This service generates an RDF graph of for the results in the same way as the annotate service that is written into the installed graph database. A document URI has to be specified for each document that is used to identify the documents in the store. If a graph name is provided the results are written to that graph (useful if one processes document sets). If not graph name is provided the results for each document are written into a separate graph based on the document URI.

Web Service Method: Annotate and Store from URL

Abstract

Web Service Method: Annotate and Store from URL

Description
[url] Annotates the document from the url with extracted concepts and stores it in the remote repository.

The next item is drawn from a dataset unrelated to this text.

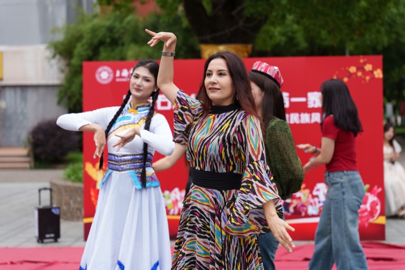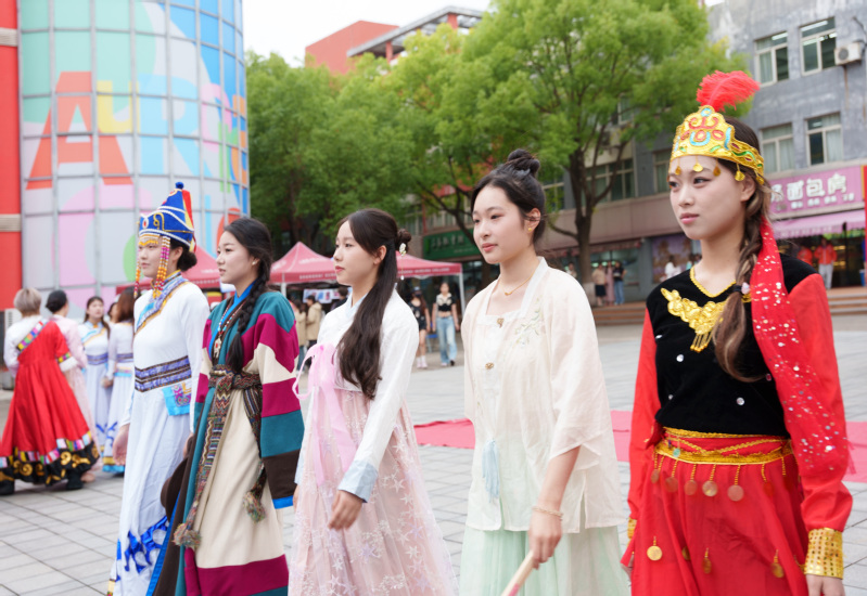 本次活动通过实物展示、服装秀、歌舞表演、互动体验等,展现各民族文化的独特魅力。活动现场设置了八个民族特色摊位,汉族、回族、维吾尔族、哈萨克族、白族、傣族、壮族、藏族、蒙古族、锡伯族、满族、朝鲜族、土家族、畲族、纳西族、祜族和佤族等17个民族的师生汇聚一堂,展示剪纸艺术、特色美食、民族风格画、民族舞蹈等,并提供手工饰品制作、学跳民族舞、乐器体验、葡萄干制作、品尝奶茶等体验活动,营造了“多元融合、民族同心”的校园文化气氛。

URL: /extractor/api/annotate/store

Request

Supported Methods
POST

Content-Type

Content-Type: application/json

Response

This method returns execution results in JSON format.

HTTP Parameters

Parameter	Description	Type	Required
url	Url to document be annotated	String	true
language	Language of text (en\|de\|es\|fr\|...)	String	false
documentUri	Internal ID of the document	String	true
graphName	The name of the graph in the remote repository the PPX results gets written to	String	false
projectIds	Thesaurus projectIds	String	false
conceptSchemeFilters	Concept scheme filters	String	false
customClassFilters	Custom class filters	String	false
numberOfTerms	Number of terms to return	Integer	false
numberOfConcepts	Number of concepts to return	Integer	false
conceptMinimumScore	Minimum required score of concepts, default = 0	Double	false
useTransitiveBroaderConcepts	Retrieve transitive broader concepts of the extracted concepts, default = false	Boolean	false
useTransitiveBroaderTopConcepts	Retrieve transitive broader top concepts of the extracted concepts, default = false	Boolean	false
useRelatedConcepts	Retrieve related concepts of the extracted concepts, default = false	Boolean	false
disambiguate	Use thesaurus based disambiguation, default = false	boolean	false
useTypes	Retrieve the custom types for concepts, default = false	boolean	false
tfidfScoring	Use tfidf scoring, default = false	boolean	false
corpusScoring	Adapt the document scores with the corpus analysis. Enabled if corpusId (uuid) is provided, default = disabled	String	false
properties	Array of custom class attributes and relations that will be fetched by providing their property URIs as input. Set to all to fetch all properties.	String	false
phraseLength	Phrase length, default = 4	Integer	false

Web Service Method: Annotate from Text

Abstract

Web Service Method: Annotate from Text

Description
[text] Returns the document annotated with extracted concepts and extracted terms in RDF/XML representation.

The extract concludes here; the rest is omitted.